SUMMARY OF THE INVENTION

[0013] Problems with the Current Art

[0014] There are a number of software tools available in the marketplace to assist with the proper coding of medical bills. However, these tools have some major drawbacks that keep them from substantially improving the billing process. These tools are known by several different monikers, for example, coding wizards, billing assistants, coding engines, and the like. For simplicity, this entire class of billing and coding software systems will be referred to as coding tools.

[0015] Most prior art coding tools are designed to assist the user in producing a valid medical bill through a number of devices, but the prior art coding tools typically offer some derivation of code lookups or code combination matching.

[0016] Code lookup tools are the simplest form of coding tools and merely convert a procedure to its appropriate billing code. The list of codes is contained primarily in two documents called the ICD-9 or CPT codes. Although these codes could be manually identified, the lookup process is still a difficult task for someone not well trained in the topic. There are two major drawbacks to this type of tool: 1) code lookup tools require the user to search for a code that can return many similar procedures without indicating which is more applicable, and 2) there is no information entered or retrieved with respect to combination codes.

[0017] Code combination matching tools are more sophisticated and make up the largest percentage of the currently available products. These coding tools include all the properties of the code lookup tools but carry the process further. These tools check combinations to see if they match specific pre-defined patterns. This allows the user to see if their grouping of codes is conflicting or is a typically acceptable combination. This has been very beneficial to small medical practices that tend to perform the same procedures repeatedly with only minor deviations. However, this model of tool quickly breaks down at the hospital level where many combinations of atypical procedures can be performed.

[0018] From a technical standpoint, these coding tools have several drawbacks as follows:

[0019] 1) Prior art coding tools apply fixed logic to determine if the bill is correct. Their ability to learn new combinations is controlled by hard coding some combination or grouping.

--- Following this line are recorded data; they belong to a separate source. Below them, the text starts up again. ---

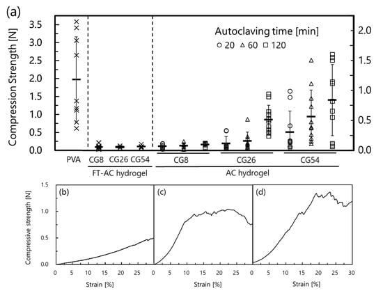 (a) The compressive strength at 10% strain of AC hydrogels prepared at different autoclaving times (20–120 min), FT-AC hydrogels, and poly(vinyl alcohol) (PVA) hydrogels (used as a major component of commercial wound dressing) (n = 6–12). The scale on the left vertical axis is for PVA hydrogel and the scale on the right vertical axis is for AC hydrogel and FT-AC hydrogel. Typical compressive strength vs strain curve of (b) CG8, (c) CG26, (d) CG54 AC hydrogels.
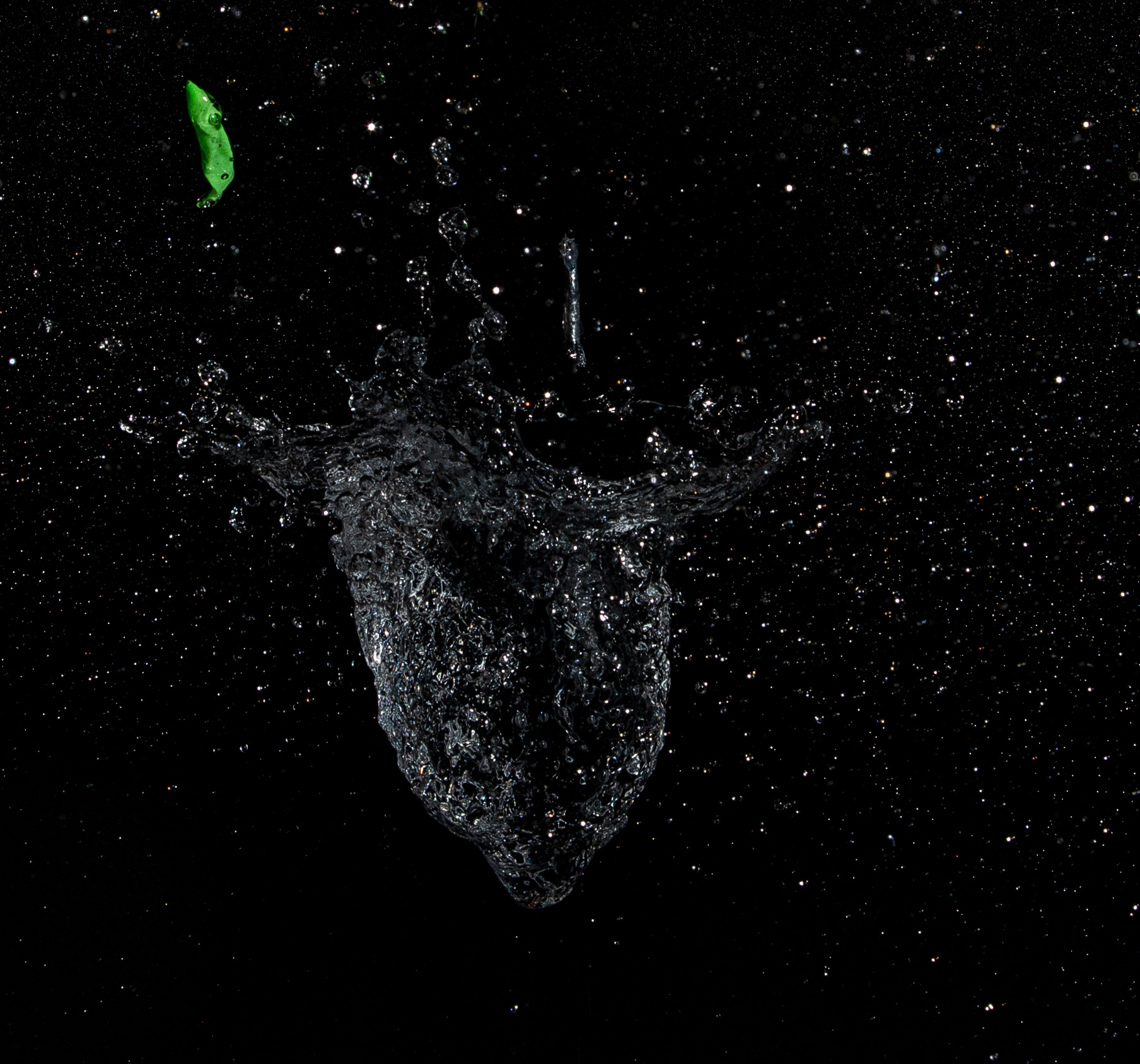 In fact the whole shoot was a series of experimentations. Setting up the sensitivity for the trigger, how to impale the balloons on the needle, how high to have the needle in relation to the IR beam etc.
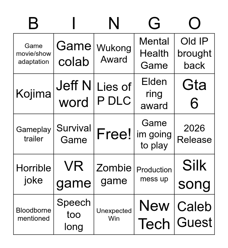 This bingo card has a free space and 24 words: VR game, Speech too long, Lies of P DLC, Bloodborne mentioned, Old IP brought back, Game movie/show adaptation, Kojima, Game colab, Game im going to play, Zombie game, Elden ring award, Gameplay trailer, Production mess up, Silk song, Jeff N word, New Tech, 2026 Release, Wukong Award, Gta 6, Survival Game, Caleb Guest, Horrible joke, Mental Health Game and Unexpected Win.
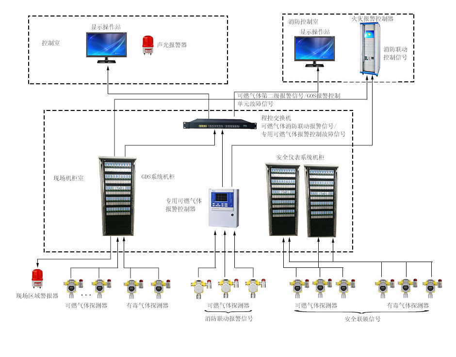 GDS气体报警监控系统是一套对可燃、有毒气体探测与控制的安全管理控制系统。通过安装于现场危险区的气体探测器探测现场险情,当发生气体泄漏时,通过中央控制室的控制器发出有针对性的报警信号,提醒操作人员采取相应措施,自动触发现场区域声光报警器,向装置区巡检人员发出报警。可燃气体二级报警信号、可燃气体和有毒气体检测报警系统报警控制单元的故障信号应送至消防控制室。
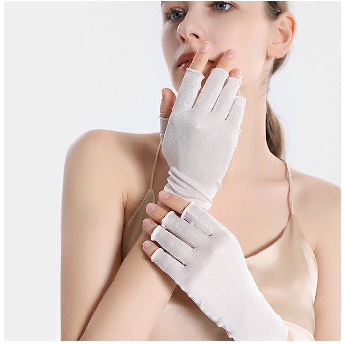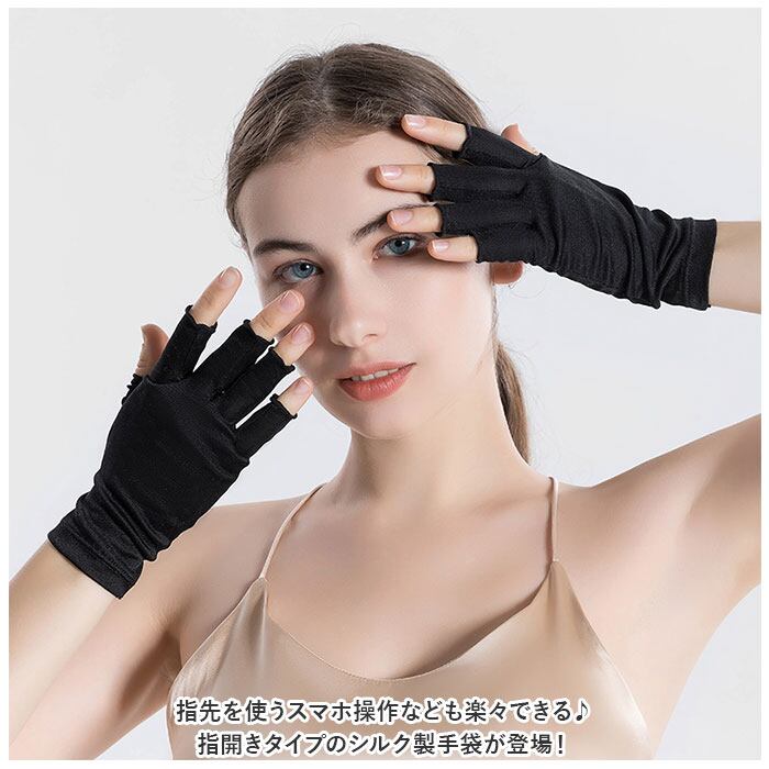 ・指先を使うスマホ操作なども楽々できる♪指開きタイプのシルク製手袋が登場!
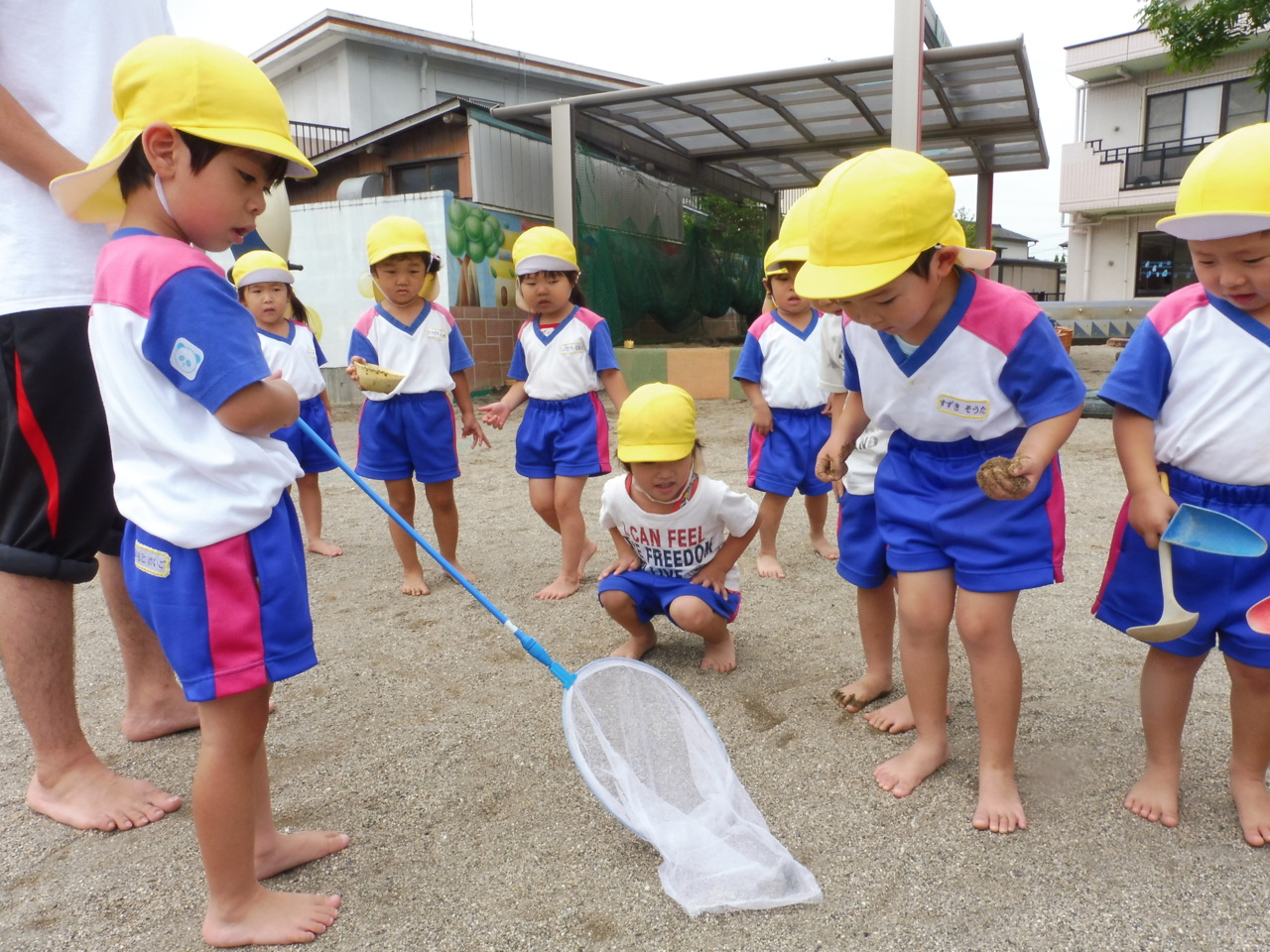 セミを見つけました! ちょっぴりドキドキしながらも興味津々の子どもたちです。 夏の自然に触れながら、8月も元気に過ごしましょうね(^^)

[0020] 2) Prior art coding tools ignore the context and order in which the actual procedures were performed and rely solely on the interpretation of the user.

[0021] 3) Prior art coding tools seek an absolute (yes or no) result. If a procedure code combination has a number of acceptable possible answers, the user is faced with picking from a list of yes responses without knowing anything about the probability of being correct in their choice.

[0022] 4) Users can miss subtle changes in procedure order or combination. The hard coded logic does not allow for dynamic feedback or observation of indirect variables.